■ **What the exercise asks**: Write out every line exactly, from the first line of the records below through the line that contains "Y2B100 典雅灰 10kg".

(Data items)
_____
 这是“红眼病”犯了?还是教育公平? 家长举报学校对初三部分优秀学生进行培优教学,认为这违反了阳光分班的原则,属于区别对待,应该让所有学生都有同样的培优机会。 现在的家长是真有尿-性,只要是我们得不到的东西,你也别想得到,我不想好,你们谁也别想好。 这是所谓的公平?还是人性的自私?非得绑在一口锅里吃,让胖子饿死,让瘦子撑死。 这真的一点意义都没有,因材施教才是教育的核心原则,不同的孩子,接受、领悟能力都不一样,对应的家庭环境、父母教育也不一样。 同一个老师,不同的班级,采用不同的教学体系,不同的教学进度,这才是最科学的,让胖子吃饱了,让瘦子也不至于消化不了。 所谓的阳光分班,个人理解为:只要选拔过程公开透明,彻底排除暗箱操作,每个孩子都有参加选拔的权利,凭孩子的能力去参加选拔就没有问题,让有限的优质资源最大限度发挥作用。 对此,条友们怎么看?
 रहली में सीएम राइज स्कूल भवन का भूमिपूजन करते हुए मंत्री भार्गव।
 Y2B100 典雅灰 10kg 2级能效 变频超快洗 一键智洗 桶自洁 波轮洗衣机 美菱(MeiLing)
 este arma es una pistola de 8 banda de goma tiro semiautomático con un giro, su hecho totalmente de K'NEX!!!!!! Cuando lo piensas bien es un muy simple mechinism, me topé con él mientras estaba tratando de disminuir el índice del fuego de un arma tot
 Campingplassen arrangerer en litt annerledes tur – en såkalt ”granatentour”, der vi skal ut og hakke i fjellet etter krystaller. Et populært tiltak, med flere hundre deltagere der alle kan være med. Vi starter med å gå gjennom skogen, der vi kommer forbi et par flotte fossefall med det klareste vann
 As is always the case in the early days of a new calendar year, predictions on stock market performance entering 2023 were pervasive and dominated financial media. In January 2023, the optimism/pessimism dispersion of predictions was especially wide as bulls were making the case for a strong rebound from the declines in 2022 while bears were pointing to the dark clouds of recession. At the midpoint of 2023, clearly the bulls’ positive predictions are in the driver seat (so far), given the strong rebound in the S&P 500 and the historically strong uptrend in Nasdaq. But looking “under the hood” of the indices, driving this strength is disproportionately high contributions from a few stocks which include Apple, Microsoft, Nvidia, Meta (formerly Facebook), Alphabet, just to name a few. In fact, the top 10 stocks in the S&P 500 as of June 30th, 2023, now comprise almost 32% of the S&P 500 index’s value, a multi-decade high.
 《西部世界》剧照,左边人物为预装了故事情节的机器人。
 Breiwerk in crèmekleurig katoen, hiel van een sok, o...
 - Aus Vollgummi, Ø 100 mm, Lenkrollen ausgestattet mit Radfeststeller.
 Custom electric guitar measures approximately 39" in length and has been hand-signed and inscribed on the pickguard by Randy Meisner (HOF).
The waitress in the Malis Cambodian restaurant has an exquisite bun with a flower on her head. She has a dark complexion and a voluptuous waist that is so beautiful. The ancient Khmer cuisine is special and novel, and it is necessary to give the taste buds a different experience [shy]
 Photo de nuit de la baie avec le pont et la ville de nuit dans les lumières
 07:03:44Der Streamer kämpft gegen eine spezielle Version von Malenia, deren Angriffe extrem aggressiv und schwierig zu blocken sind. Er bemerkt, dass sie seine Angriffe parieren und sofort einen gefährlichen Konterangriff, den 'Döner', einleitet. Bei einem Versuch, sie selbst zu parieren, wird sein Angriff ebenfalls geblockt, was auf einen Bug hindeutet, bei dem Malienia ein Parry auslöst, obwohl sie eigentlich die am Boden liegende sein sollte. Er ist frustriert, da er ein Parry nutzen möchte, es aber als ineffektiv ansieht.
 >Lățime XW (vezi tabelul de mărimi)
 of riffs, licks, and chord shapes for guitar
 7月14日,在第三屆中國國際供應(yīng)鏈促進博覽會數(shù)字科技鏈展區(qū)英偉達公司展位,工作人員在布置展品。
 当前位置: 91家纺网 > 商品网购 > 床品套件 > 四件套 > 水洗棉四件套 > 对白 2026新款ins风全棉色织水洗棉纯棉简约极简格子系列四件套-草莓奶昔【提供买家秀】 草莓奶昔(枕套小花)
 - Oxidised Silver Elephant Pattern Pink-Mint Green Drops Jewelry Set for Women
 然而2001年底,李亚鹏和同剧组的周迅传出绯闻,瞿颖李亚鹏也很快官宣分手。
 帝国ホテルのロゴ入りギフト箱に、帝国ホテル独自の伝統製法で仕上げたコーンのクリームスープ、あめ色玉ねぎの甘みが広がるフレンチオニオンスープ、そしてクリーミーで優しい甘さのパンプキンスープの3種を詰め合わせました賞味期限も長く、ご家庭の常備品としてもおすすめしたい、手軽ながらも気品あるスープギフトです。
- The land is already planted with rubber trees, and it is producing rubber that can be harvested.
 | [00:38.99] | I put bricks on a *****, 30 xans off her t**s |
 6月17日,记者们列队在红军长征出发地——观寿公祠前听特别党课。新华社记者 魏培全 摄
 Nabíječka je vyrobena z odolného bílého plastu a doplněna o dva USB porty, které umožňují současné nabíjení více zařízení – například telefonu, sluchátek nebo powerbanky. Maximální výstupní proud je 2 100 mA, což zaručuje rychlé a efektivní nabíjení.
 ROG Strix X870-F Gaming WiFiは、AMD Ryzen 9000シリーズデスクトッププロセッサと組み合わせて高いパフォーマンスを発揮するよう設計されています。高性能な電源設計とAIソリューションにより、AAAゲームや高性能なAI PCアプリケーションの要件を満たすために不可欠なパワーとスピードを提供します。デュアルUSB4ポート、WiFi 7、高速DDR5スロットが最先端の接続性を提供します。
_____
■ **Result**:
 这是“红眼病”犯了?还是教育公平? 家长举报学校对初三部分优秀学生进行培优教学,认为这违反了阳光分班的原则,属于区别对待,应该让所有学生都有同样的培优机会。 现在的家长是真有尿-性,只要是我们得不到的东西,你也别想得到,我不想好,你们谁也别想好。 这是所谓的公平?还是人性的自私?非得绑在一口锅里吃,让胖子饿死,让瘦子撑死。 这真的一点意义都没有,因材施教才是教育的核心原则,不同的孩子,接受、领悟能力都不一样,对应的家庭环境、父母教育也不一样。 同一个老师,不同的班级,采用不同的教学体系,不同的教学进度,这才是最科学的,让胖子吃饱了,让瘦子也不至于消化不了。 所谓的阳光分班,个人理解为:只要选拔过程公开透明,彻底排除暗箱操作,每个孩子都有参加选拔的权利,凭孩子的能力去参加选拔就没有问题,让有限的优质资源最大限度发挥作用。 对此,条友们怎么看?
 रहली में सीएम राइज स्कूल भवन का भूमिपूजन करते हुए मंत्री भार्गव।
 Y2B100 典雅灰 10kg 2级能效 变频超快洗 一键智洗 桶自洁 波轮洗衣机 美菱(MeiLing)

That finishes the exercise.